When Facebook first blew up, so did fear of professional repercussions.
While the Id side happily tagged ourselves in flattering cocktail party photos and "liked" our favorite albums, the Superego fretted about the beer picture in our hand, or the explicit lyrics in that Lil Wayne song. Comments from friends were also a liability, what with their curse words, references to less-than-wholesome activities, and links to raunchy content or videos.
But, quite comfortingly, a new study has pointed to a rather simple conclusion: that the people hiring you and looking at your Facebook profile can see past a few blue comments or party photos and quite accurately see the bigger picture of you as a person.
The study of 56 students with jobs (at Northern Illinois University, the University of Evansville and Auburn University) had raters take 10 minutes to scan students' profiles and answer questions projecting their work performance.
The raters, who were a university professor and two student peers, took note of photos, comments, level of education, hobbies, travel photos, and hobbies. Then they answered questions about the Facebooker's emotional stability or dependability.

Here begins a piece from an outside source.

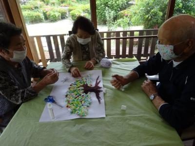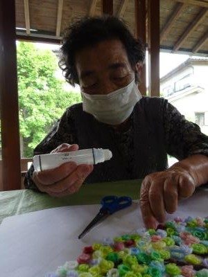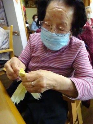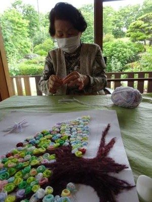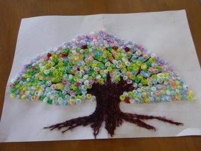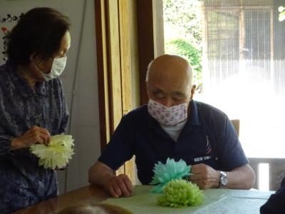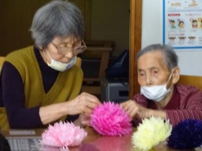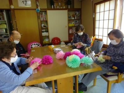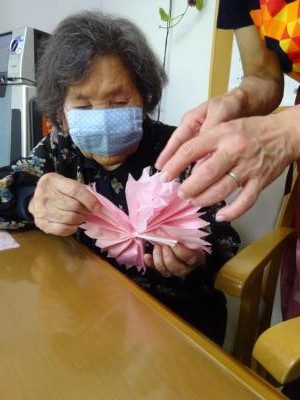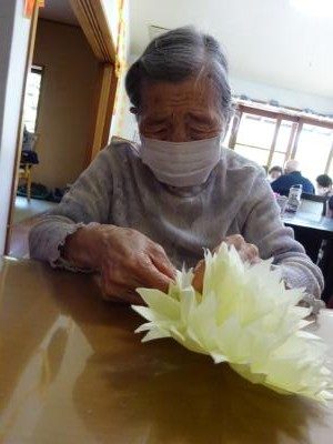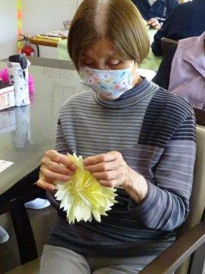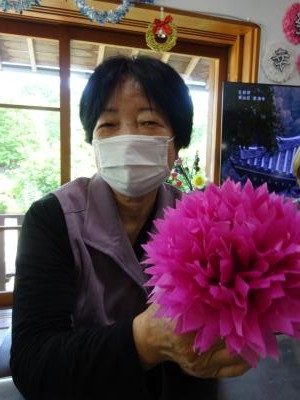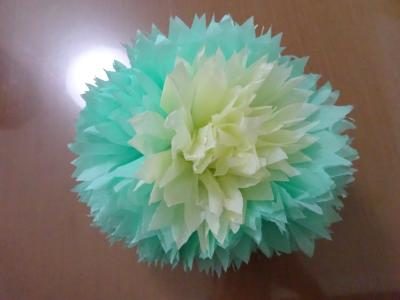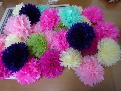 最後は↑同じ色を合わせてお花紙で更にミラーボールチックなお花に

Six months later, those projections were matched against actual reports from the student's supervisors on their work performance, and the results were surprisingly comparative—especially concerning traits like agreeability, conscientiousness, and intellectual curiosity.

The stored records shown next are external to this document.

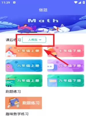 初中数学助手app怎么更改教程,用户在本站下载安装好软件,点击手机桌面图标,打开app,进入首页看到默认的是人教版,点击一下,点击你要的版本就行了。初中数学助手app教程更改方法:
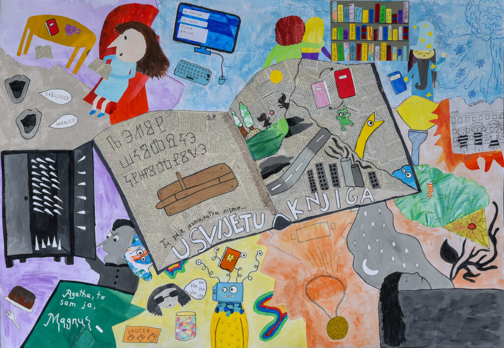 U kategoriji Kreativni uradak, na temu U svijetu knjige naša učenica Ema Domišljanović izradila je plakat na kojem je predstavila pročitane knjige uz poruku i pozivanje svih dobnih skupina na zajedničko druženje uz knjige, prijateljstvo, pomaganje i otkrivanje i istraživanje svoje okoline, međuljudskih odnosa, povijesne i kulturne baštine, otkrivanje novih legendi, razvijanje mašte i novih igara. Ona svima poručuje da ne treba odustajati u svojim namjerama. Budite uporni u radu, puni samopouzdanja, želje za promjenama, uspjehom i druženjem. Video pozivom u Teams aplikaciji, Ema je usmenim izlaganjem predstavila Povjerenstvu svoj rad. Osim vrednovanja likovnog rada u usmenom predstavljanju kreativnog uratka Povjerenstvo je vrednovalo sadržaj, strukturu i vještinu izlaganja te odgovaranje na pitanja o izboru motiva, likovnih tehnika, namjene plakata.
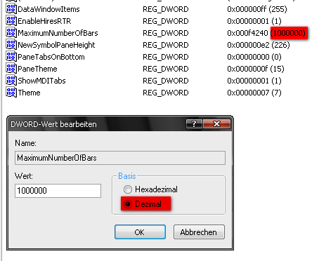 Es gibt ein verstecktes Feature, das für leistungsfähigere PCs erlaubt, die max. Anzahl an Bars in den Datenbank Einstellungen heraufzusetzen. Dazu muss man nur einen DWORD Schlüssel in der Windows Registrierung hinzufügen. Aufgerufen wird letztere über Startmenü>Ausführen>regedit
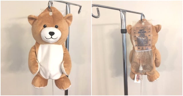 According to her website, the back of the Medi Teddy is mesh, “allowing for a doctor or nurse to see through and check on the fluid or medication a child is receiving. From the front, the child sees a friendly face and not the bag of medication, blood product or IV fluid being infused.”
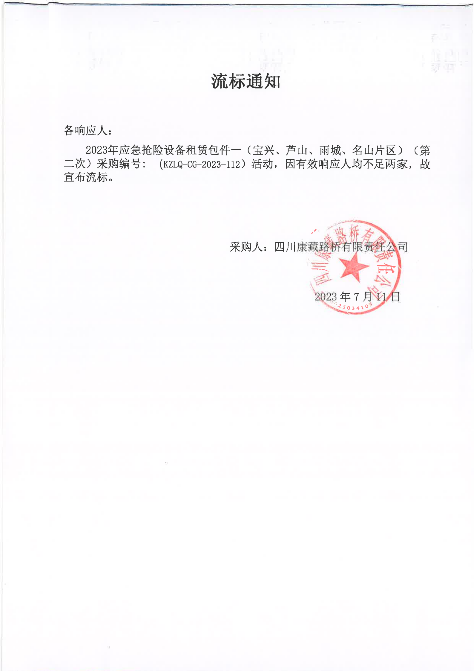 四川康藏路橋有限責(zé)任公司2023年應(yīng)急搶險(xiǎn)設(shè)備租賃包件一(寶興、蘆山、雨城、名山片區(qū))(第二次)流標(biāo)通知

In 10 minutes, raters had predicted what months of job supervision had gradually revealed. Well-travelled students were open to new experiences at work; those pictured with lots of other people were friendly to coworkers; those with a lot of negative comments and status updates were low on morale at the office.
Researchers have suggested that the high level of correlation between Facebook and real life comes from the audience we're targeting all those status updates for. It's harder for us to hide our personalities from the people already in our lives than it is from a strange recruiter. We're more likely to be filter-free with our thoughts and ideas for the people on our friends list than we are with a recruiter from our dream company.

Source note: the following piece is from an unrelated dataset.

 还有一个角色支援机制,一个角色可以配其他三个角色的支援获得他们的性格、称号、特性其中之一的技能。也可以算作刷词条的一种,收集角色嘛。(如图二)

This effect can be troublesome for those of us who would go to great lengths to hide a disdain for authority on an interview, or neglect to mention our love of illicit substances. But for job seekers with nothing serious to hide, the transparency might be positive. A good career fit for you shouldn't require hiding your true colors, and if this study is any indication, people looking at your Facebook photos are less likely to get hung up on a detail—like a drink in your hand—and more likely to see a bigger picture: that you have a life.
So yes, chill on the negativity, remove overtly glassy eyed party pics, and try to post a few more activity or group shots than glamour photos. But after that, stop worrying so much. We're all human, even recruiters.